#### [PROBLEM DETAILS]
For the listing below, print exactly the lines from the line with "Сегментный алмазный круг" to the line with "1812 г. 14 июня.", both included, and nothing beyond them.

#### [ENTRIES SUPPLIED]
····················

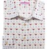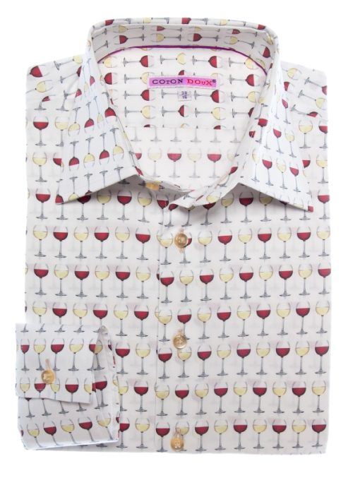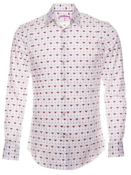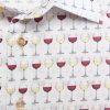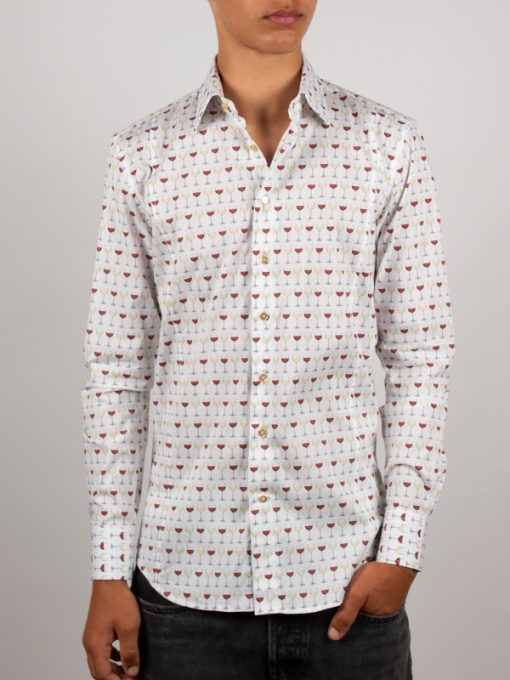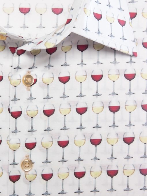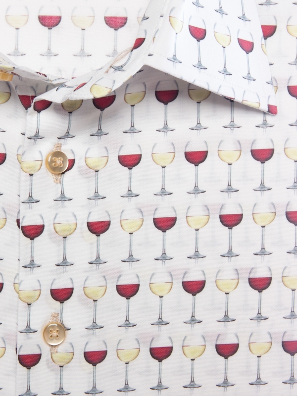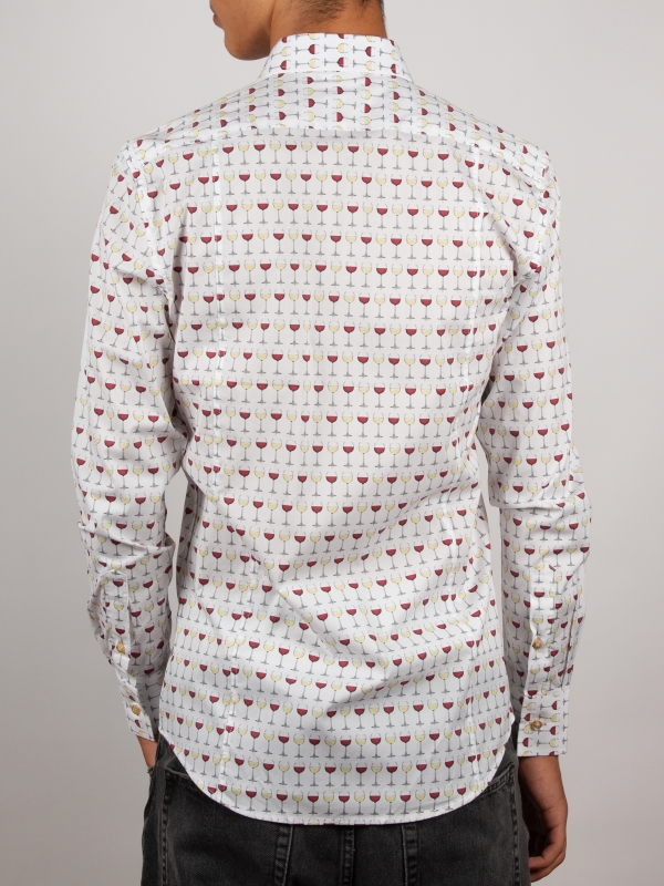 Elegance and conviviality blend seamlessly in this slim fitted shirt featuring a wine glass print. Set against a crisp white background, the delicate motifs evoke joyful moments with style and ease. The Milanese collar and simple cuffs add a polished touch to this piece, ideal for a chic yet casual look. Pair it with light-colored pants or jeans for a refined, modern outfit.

····················

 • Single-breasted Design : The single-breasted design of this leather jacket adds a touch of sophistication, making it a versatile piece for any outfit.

····················

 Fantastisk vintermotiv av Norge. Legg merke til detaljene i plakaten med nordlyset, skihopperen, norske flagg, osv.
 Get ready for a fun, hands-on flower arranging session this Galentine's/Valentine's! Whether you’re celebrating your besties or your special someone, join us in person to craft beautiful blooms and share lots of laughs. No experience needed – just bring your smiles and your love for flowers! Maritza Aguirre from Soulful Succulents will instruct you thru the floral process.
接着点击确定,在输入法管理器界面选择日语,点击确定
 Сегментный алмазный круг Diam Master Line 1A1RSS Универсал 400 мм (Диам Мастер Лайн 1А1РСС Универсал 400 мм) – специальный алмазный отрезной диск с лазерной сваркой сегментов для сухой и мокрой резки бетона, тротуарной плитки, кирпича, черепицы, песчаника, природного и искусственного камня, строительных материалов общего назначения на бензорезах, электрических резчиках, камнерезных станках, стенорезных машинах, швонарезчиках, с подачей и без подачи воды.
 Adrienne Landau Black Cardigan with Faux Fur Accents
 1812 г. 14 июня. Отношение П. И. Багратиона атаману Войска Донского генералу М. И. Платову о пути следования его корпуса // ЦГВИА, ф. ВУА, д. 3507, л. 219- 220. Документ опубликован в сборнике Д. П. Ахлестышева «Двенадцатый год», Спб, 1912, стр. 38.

····················

#### [RESULT OF THIS TASK]
 Сегментный алмазный круг Diam Master Line 1A1RSS Универсал 400 мм (Диам Мастер Лайн 1А1РСС Универсал 400 мм) – специальный алмазный отрезной диск с лазерной сваркой сегментов для сухой и мокрой резки бетона, тротуарной плитки, кирпича, черепицы, песчаника, природного и искусственного камня, строительных материалов общего назначения на бензорезах, электрических резчиках, камнерезных станках, стенорезных машинах, швонарезчиках, с подачей и без подачи воды.
 Adrienne Landau Black Cardigan with Faux Fur Accents
 1812 г. 14 июня. Отношение П. И. Багратиона атаману Войска Донского генералу М. И. Платову о пути следования его корпуса // ЦГВИА, ф. ВУА, д. 3507, л. 219- 220. Документ опубликован в сборнике Д. П. Ахлестышева «Двенадцатый год», Спб, 1912, стр. 38.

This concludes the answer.